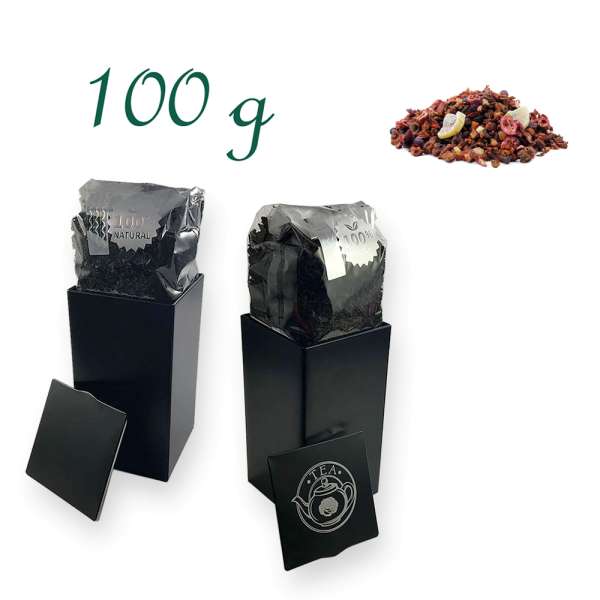 Früchtetee Goji-Himbeere - Verpackung: Quadratische Stülpdeckeldose, schwarz, Weißblech, Inhalt 100 g
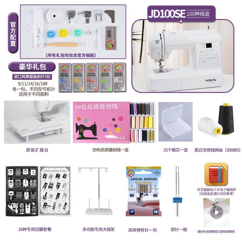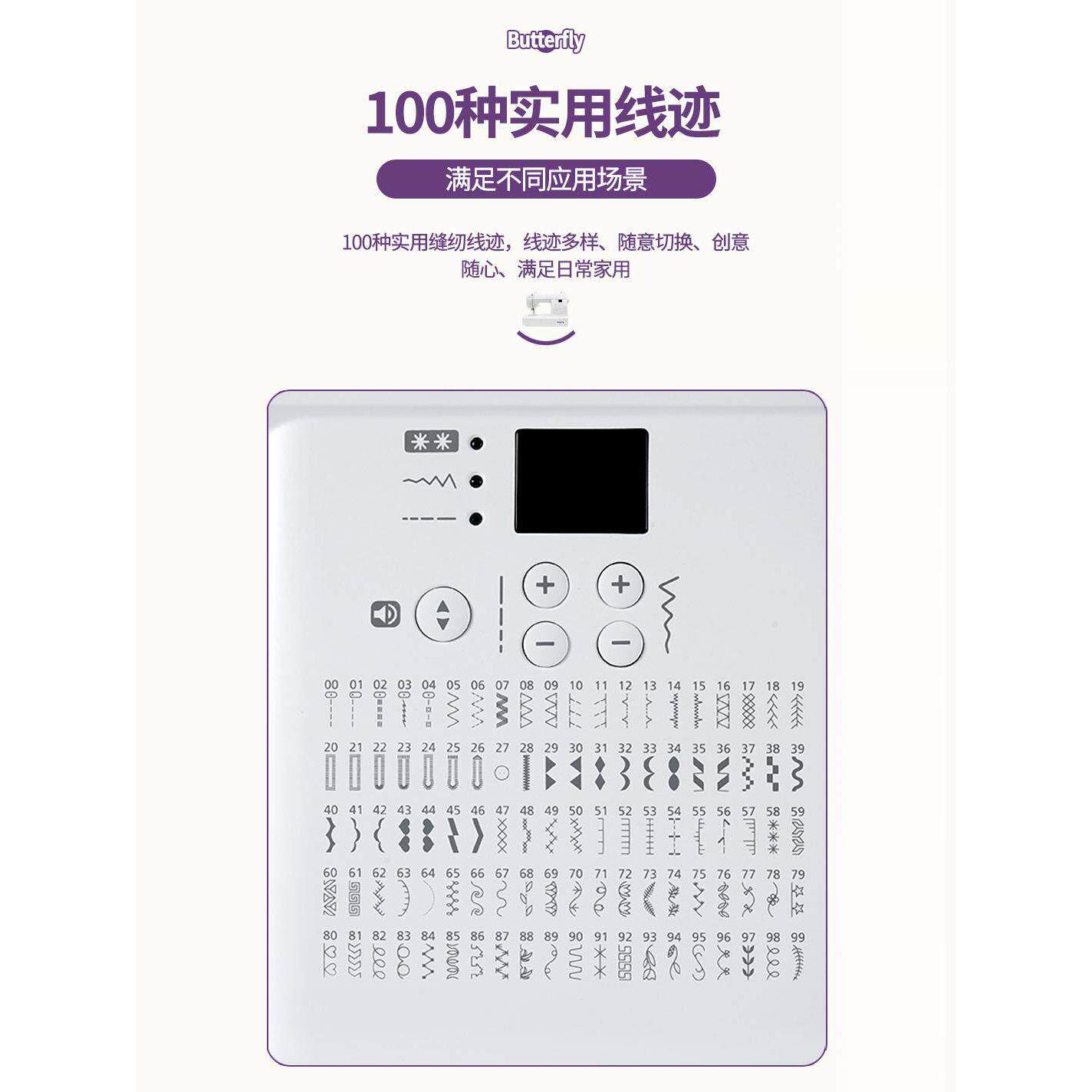 蝴蝶牌缝纫机家用100Se脚踏电动数码多功能台式缝纫机厚食薄锁
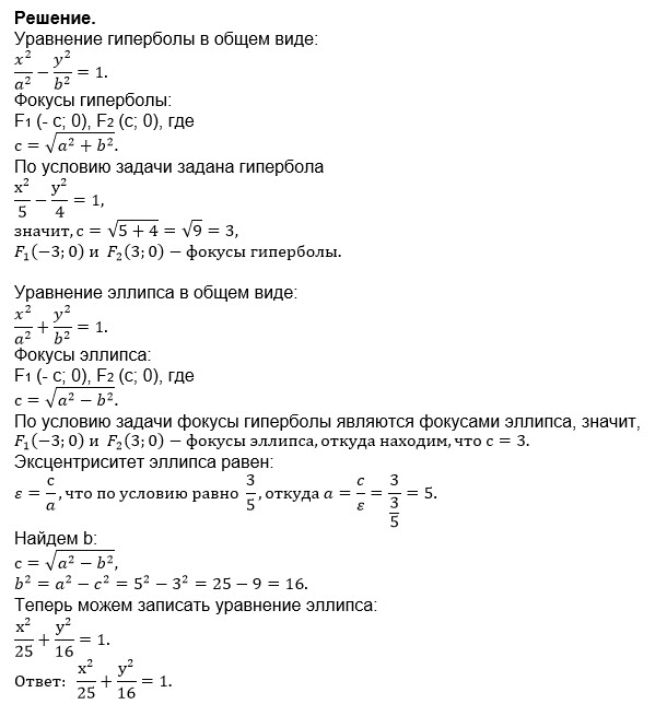 Составьте уравнение эллипса, если его фокусы совпадают с фокусами гиперболы x^2/5 - y^2/4 = 1, а эксцентриситет эллипса равен 3/5
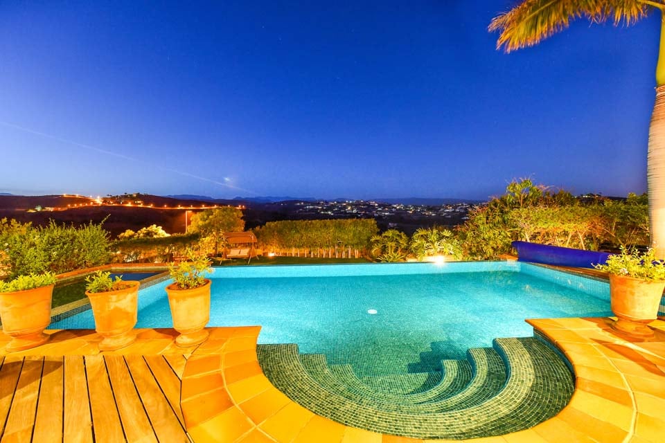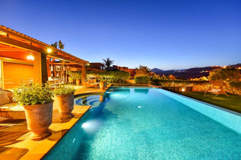 Het terras is zonder twijfel het beste onderdeel! Je moet het echt zien om het te geloven: geniet van het adembenemende uitzicht over de altijd groene golfbaan en de rustieke heuvels. Het bovenste terras biedt een fantastische plek om van dit uitzicht te genieten met een cocktail of twee. De luxe inrichting houdt daar niet op, want u kunt heerlijk wegzakken in een van de comfortabele ligstoelen met een goed boek. Zwem naar de rand van het overloopzwembad en geniet van de omgeving terwijl de zon schijnt. U kunt ook een ontspannend bad nemen in de jacuzzi, die bij de prijs van uw verblijf is inbegrepen. 's Avonds prachtig verlicht, is het buitenterrein de ideale plek om met vrienden en familie samen te komen en te genieten van een paar glazen wijn.

• • • •

- Exercise goal -
The answer must be the full listing above, copied exactly, with no pictures in it.

- Completed exercise -
 Früchtetee Goji-Himbeere - Verpackung: Quadratische Stülpdeckeldose, schwarz, Weißblech, Inhalt 100 g
 蝴蝶牌缝纫机家用100Se脚踏电动数码多功能台式缝纫机厚食薄锁
 Составьте уравнение эллипса, если его фокусы совпадают с фокусами гиперболы x^2/5 - y^2/4 = 1, а эксцентриситет эллипса равен 3/5
 Het terras is zonder twijfel het beste onderdeel! Je moet het echt zien om het te geloven: geniet van het adembenemende uitzicht over de altijd groene golfbaan en de rustieke heuvels. Het bovenste terras biedt een fantastische plek om van dit uitzicht te genieten met een cocktail of twee. De luxe inrichting houdt daar niet op, want u kunt heerlijk wegzakken in een van de comfortabele ligstoelen met een goed boek. Zwem naar de rand van het overloopzwembad en geniet van de omgeving terwijl de zon schijnt. U kunt ook een ontspannend bad nemen in de jacuzzi, die bij de prijs van uw verblijf is inbegrepen. 's Avonds prachtig verlicht, is het buitenterrein de ideale plek om met vrienden en familie samen te komen en te genieten van een paar glazen wijn.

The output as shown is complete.